§ Task description
Do not repeat pictures. Repeat exactly the lines of the listing below from its first line through the line with "30 años, un".

§ Source data
_ _ _

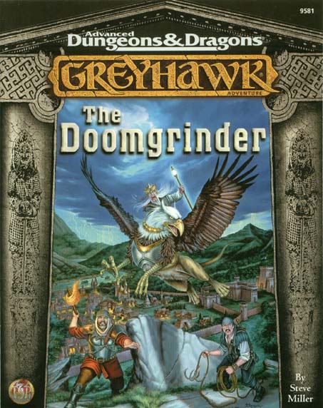 The Doomgrinder, a mysterious stone windmill many leagues east of the City of Greyhawk, has for centuries been a source of rumors, frustration and fear. The rumors say that vast treasures are stored inside - all cursed. The frustration belongs to hundreds of adventurers who over the years have attempted to enter the windmill and failed. The fear is felt by those who believe the world will end when the stone sails of the Doomgrinder turn again. In the City of Greyhawk, powerful spellcasters read bad omens for the future, and the Doomgrinder is part of them. Some see no future at all, good or bad. In this GREYHAWK adventure, a group of brave heroes may finally learn the truth about the Doomgrinder. Designed for characters of levl 4 through 8 but adaptable to any level, the adventure can be played on its own or as the climax to the Lost Tombs adventure series. It also offers countless oppurtunities for spin-off adventures, potentially providing the foundation for entirely new campaign directions, and months of exciting game sessions. |
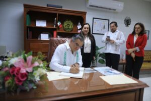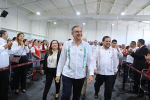 “Hace más de 30 años, un gobernador de voluntad y trabajo, el ingeniero Américo Villarreal Guerra, entregó en este mismo lugar una techumbre que por años fue refugio y punto de encuentro de la comunidad normalista, y hoy aquel legado, que se convirtió en un símbolo de confianza en el futuro, es honrado y prolongado por nuestro gobernador Américo Villarreal Anaya”, expresó.
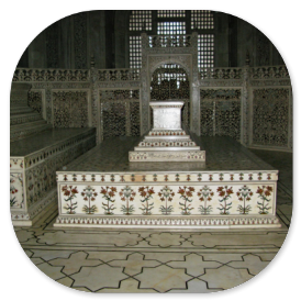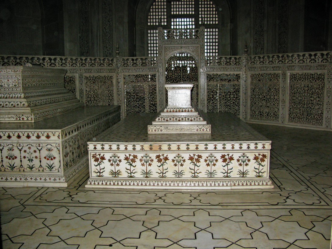 Das riesige Mausoleum ist 1631 auf einer 5m hohen und 100x100m großen Marmorplattform errichtet worden zu Ehren der Lieblingsfrau des Großmoguls, mit der er 18 Jahre verheiratet war und die ihm 14 Kinder gebar. Bei der Geburt ihres 14. Kindes ist sie gestorben. 20000 Handwerker und mehr als 1000 Elefanten haben 17 Jahre an dem Bau gearbeitet. Von Acay hören wir die tränenreiche Geschichte und die Legenden, die sich um dieses Bauwerk ranken. Als ausländische Besucher haben wir am Ticketschalter jeder eine Flasche Wasser und ein paar Überzüge bekommen, sodass wir die Schuhe nicht ausziehen müssen, um ins Innere zu kommen. Dort ist das Fotografieren streng verboten und wir erhaschen einen Blick vom Sarkophag, der mit Tausenden von Edelsteinen geschmückt ist, die als Intarsienarbeit in den Marmor eingelegt sind. Dank meiner kleinen digitalen Lumix kann ich ein Bild davon zeigen. Der Schrein in der Mitte ist von der Ehefrau, der größere Schrein links, der die ursprüngliche Symmetrie zerstört, ist vom Großmogul selbst, der später (1666) neben seiner Frau beerdigt wurde.
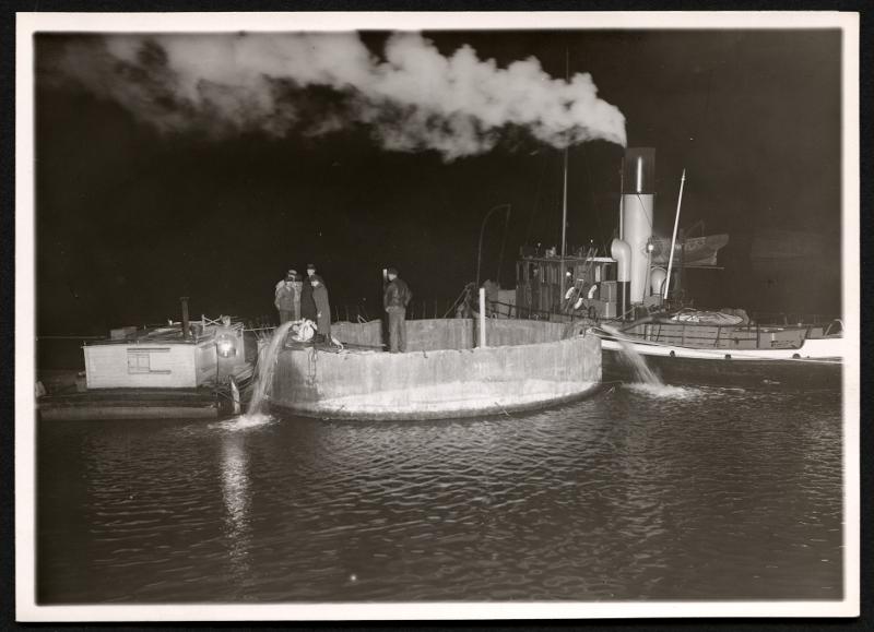- Märkligt nattarbete i Malmö hamn. Natten till söndagen företogs ett egendomligt bogseringsarbete i Malmö hamn. En av de båda väldiga cementburkarna, som blivit gjutna i den då ännu icke vattenfyllda industrihamns bassäng, och som skola utgöra ytterskalet till, i ena fallet pirhuvudet vid oljehamnen och i andra fallet ett liknande fundament vid frihamnen, bogserades ut för att ställas på sin plats, där det sedan skall fyllas med betong för att bliva en fast stödjepunkt i hamntrafiken. Den väldiga kolossen som mäter 8,75 meter i höjd och 3 meter i diameter, släpades ut av hamnens bogserångare. Bogseringen gick lyckligt och fundamentet står nu på sin plats.

_ _ _

§ Result below
 The Doomgrinder, a mysterious stone windmill many leagues east of the City of Greyhawk, has for centuries been a source of rumors, frustration and fear. The rumors say that vast treasures are stored inside - all cursed. The frustration belongs to hundreds of adventurers who over the years have attempted to enter the windmill and failed. The fear is felt by those who believe the world will end when the stone sails of the Doomgrinder turn again. In the City of Greyhawk, powerful spellcasters read bad omens for the future, and the Doomgrinder is part of them. Some see no future at all, good or bad. In this GREYHAWK adventure, a group of brave heroes may finally learn the truth about the Doomgrinder. Designed for characters of levl 4 through 8 but adaptable to any level, the adventure can be played on its own or as the climax to the Lost Tombs adventure series. It also offers countless oppurtunities for spin-off adventures, potentially providing the foundation for entirely new campaign directions, and months of exciting game sessions. |
 “Hace más de 30 años, un gobernador de voluntad y trabajo, el ingeniero Américo Villarreal Guerra, entregó en este mismo lugar una techumbre que por años fue refugio y punto de encuentro de la comunidad normalista, y hoy aquel legado, que se convirtió en un símbolo de confianza en el futuro, es honrado y prolongado por nuestro gobernador Américo Villarreal Anaya”, expresó.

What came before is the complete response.